Source data ::
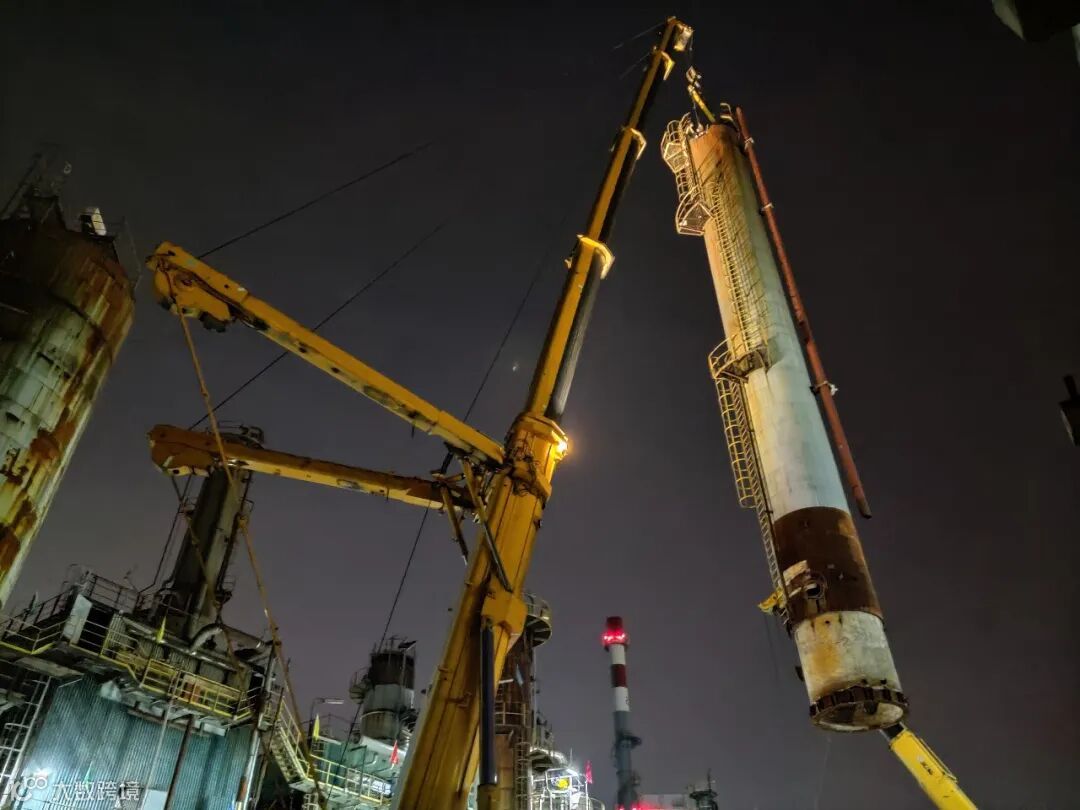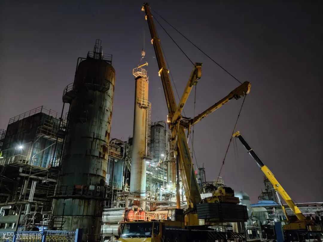 任务明确后,安装工程项目部立即部署,经理杨先尧紧急协调了一台500吨吊车进行主吊,一台130吨吊车配合溜尾。安全设备组组长王永强连夜调整施工方案,对吊装方案先审批、先实施,待设备落地检查后再根据塔盘内件的受损情况完善修复方案。
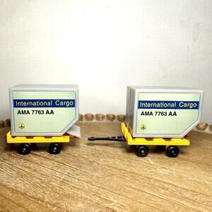 Vintage Welly die cast 6-piece international airport vehicle set featuring 2 cargo trailers and removable cargo crates, a jeep and tow tractors.
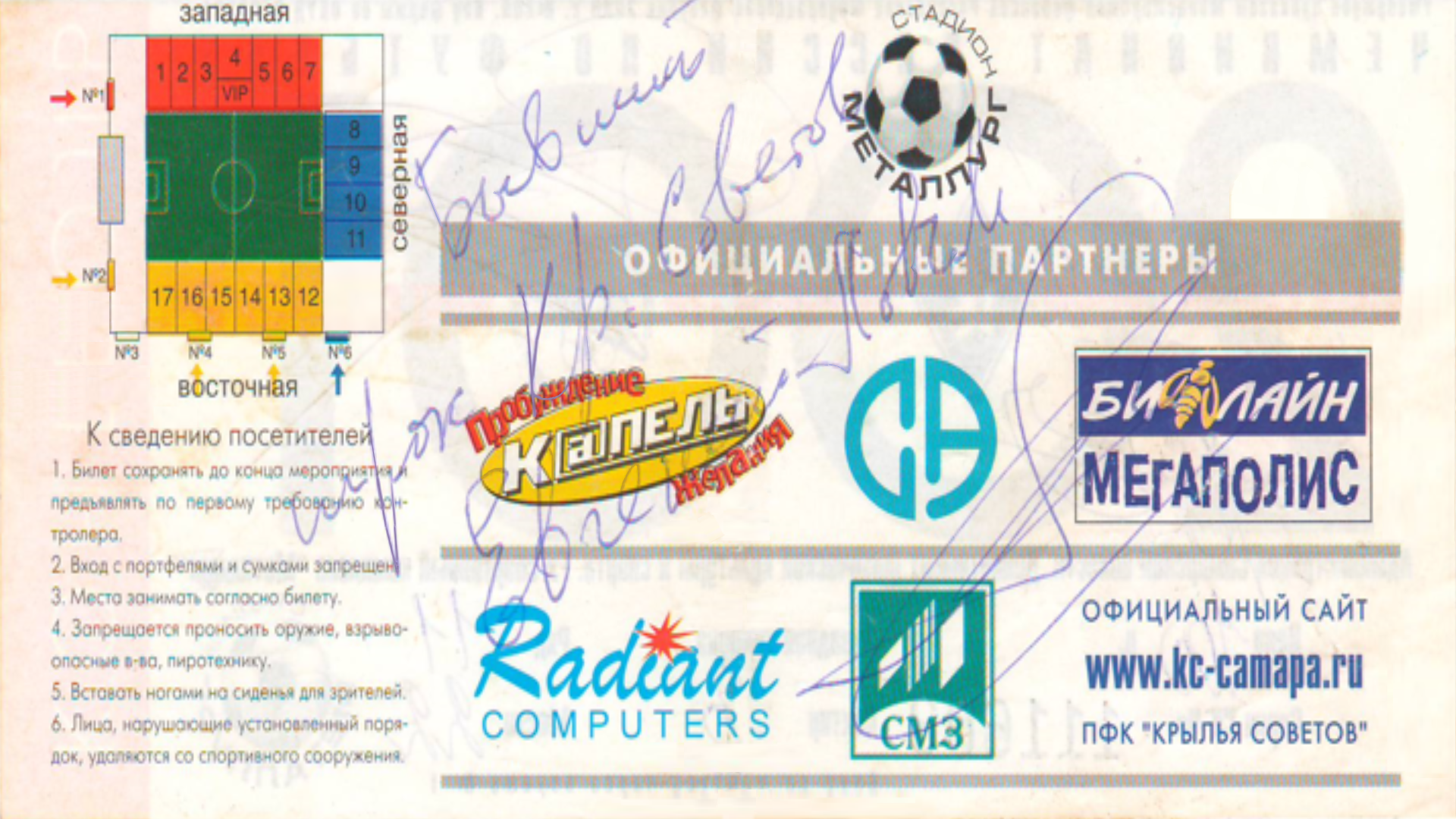 20 лет спустя Евгений с гордостью написал болельщику на билете.
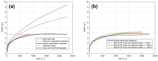 In the second method, the liquid level decrease in an input reservoir was recorded, with one end of the sample immersed in it. All tests were performed under stable laboratory conditions, with an ambient temperature of approximately , and a correction was applied to account for liquid evaporation from both the reservoir and the sample surface. The evaporation from the reservoir was measured before the tests, while the additional evaporation from the wetted sample was quantified by calibration, comparing the evaporation rate with and without the sample fully imbibed and then linearizing the contribution associated with the exposed sample surface.

Task directions ::
Could you reproduce exactly the lines from the first line of the listing through the line containing "20 лет спустя", both included, with pictures left out?

Task output ::
 任务明确后,安装工程项目部立即部署,经理杨先尧紧急协调了一台500吨吊车进行主吊,一台130吨吊车配合溜尾。安全设备组组长王永强连夜调整施工方案,对吊装方案先审批、先实施,待设备落地检查后再根据塔盘内件的受损情况完善修复方案。
 Vintage Welly die cast 6-piece international airport vehicle set featuring 2 cargo trailers and removable cargo crates, a jeep and tow tractors.
 20 лет спустя Евгений с гордостью написал болельщику на билете.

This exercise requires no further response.